Unexpected Feature Values
When exploring data, you should also look for examples that contain feature values that stand out as especially uncharacteristic or unusual. These unexpected feature values could indicate problems that occurred during data collection or other inaccuracies that could introduce bias.
For example, take a look at the following excerpted examples from the California housing data set:
longitude | latitude | total_rooms | population | households | median_income | median_house_value | |
---|---|---|---|---|---|---|---|
1 | -121.7 | 38.0 | 7105.0 | 3523.0 | 1088.0 | 5.0 | 0.2 |
2 | -122.4 | 37.8 | 2479.0 | 1816.0 | 496.0 | 3.1 | 0.3 |
3 | -122.0 | 37.0 | 2813.0 | 1337.0 | 477.0 | 3.7 | 0.3 |
4 | -103.5 | 43.8 | 2212.0 | 803.0 | 144.0 | 5.3 | 0.2 |
5 | -117.1 | 32.8 | 2963.0 | 1162.0 | 556.0 | 3.6 | 0.2 |
6 | -118.0 | 33.7 | 3396.0 | 1542.0 | 472.0 | 7.4 | 0.4 |
Can you pinpoint any unexpected feature values?
Data Skew
Any sort of skew in your data, where certain groups or characteristics may be under- or over-represented relative to their real-world prevalence, can introduce bias into your model.

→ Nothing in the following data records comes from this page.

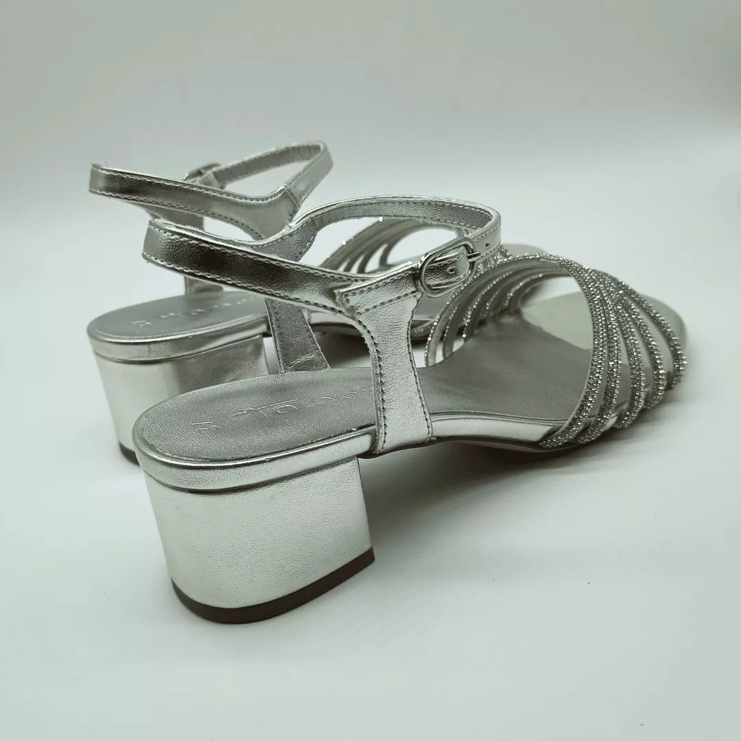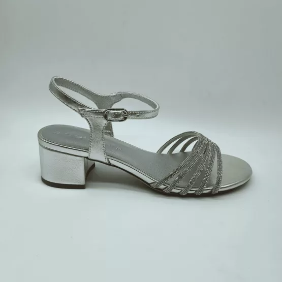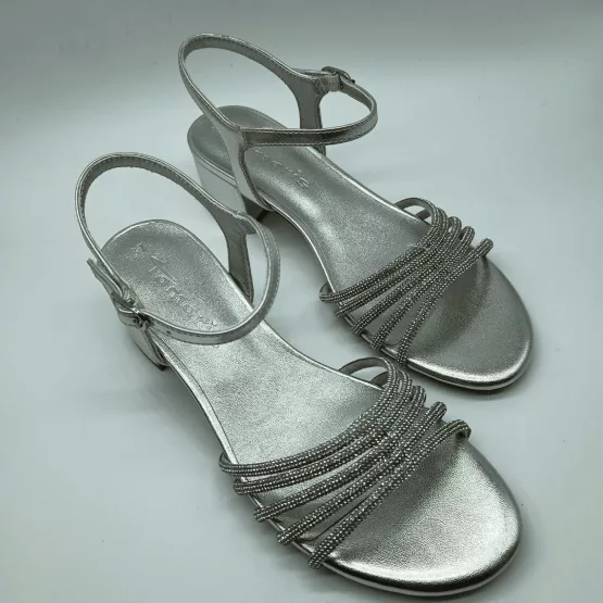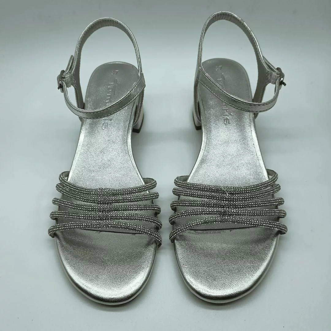 Tamaris Mod. 28248-44, Sandalia fabricada en materiales Textiles combinados con Sintéticos, acabado Platinum, Plantilla Acolchada, Tiras Finas con Adorno tipo Swarovski en Pala, Altura Tacón 4,5 cm. Cierre mediante Hebilla en Tobillo.
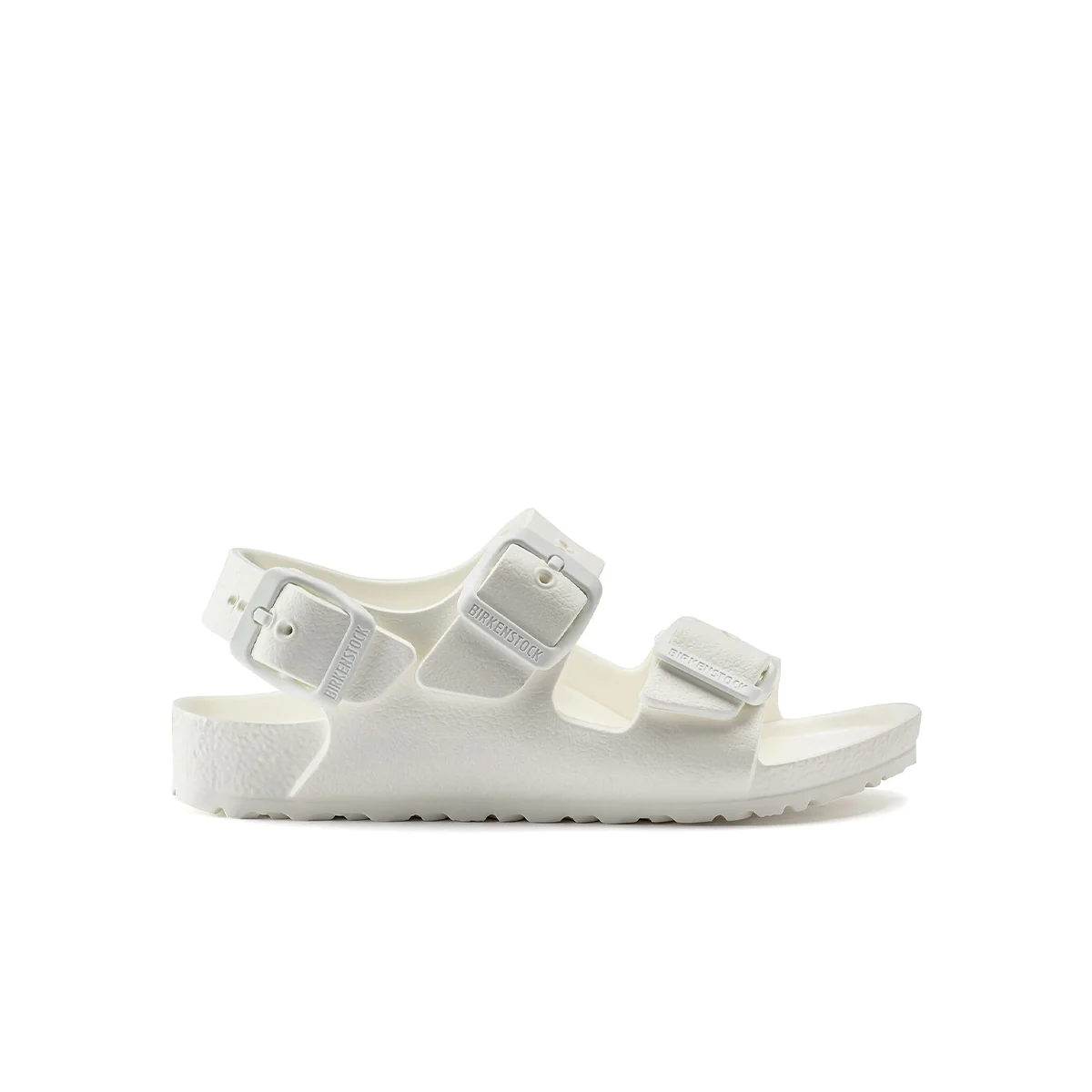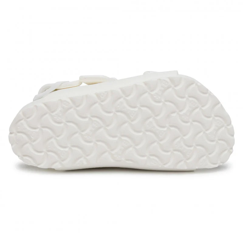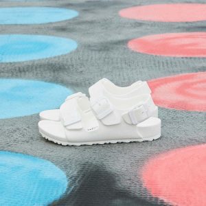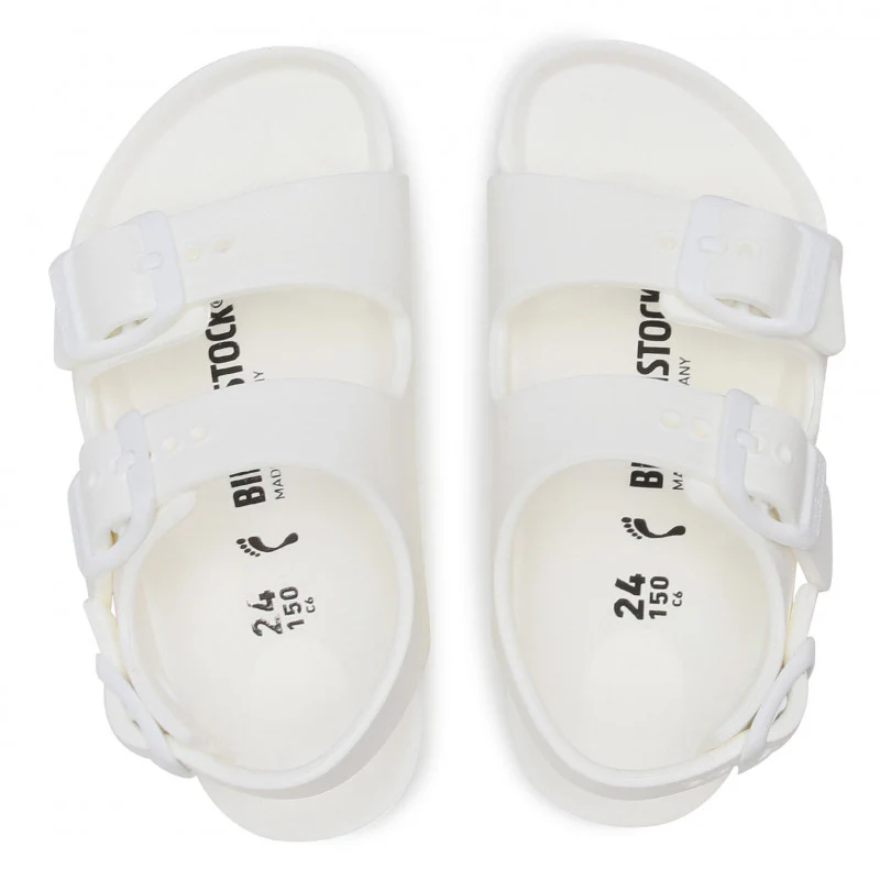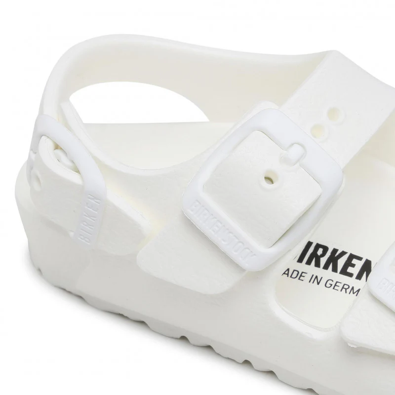 סנדלי בירקנשטוק מקוריים מדגם Milano EVA Playground לילדים בצבע לבן. בשונה מ-Arizona, דגם Milano כולל רצועת עקב נוספת שמעניקה יציבות גבוהה יותר בזמן תנועה.
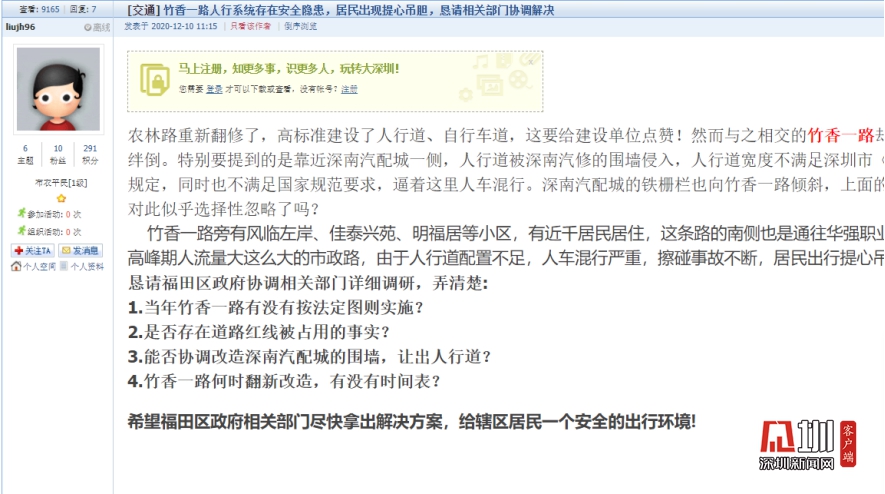 網(wǎng)友“l(fā)iujh96”2020年12月10日在深圳論壇發(fā)帖。

If you completed the Validation programming exercise, you may recall discovering how a failure to randomize the California housing data set prior to splitting it into training and validation sets resulted in a pronounced data skew. Figure 1 visualizes a subset of data drawn from the full data set that exclusively represents the northwest region of California.
Figure 1. California state map overlaid with data from the California Housing data set. Each dot represents a housing block, with colors ranging from blue to red corresponding to median house price ranging from low to high, respectively.
If this unrepresentative sample were used to train a model to predict California housing prices statewide, the lack of housing data from southern portions of California would be problematic. The geographical bias encoded in the model might adversely affect homebuyers in unrepresented communities.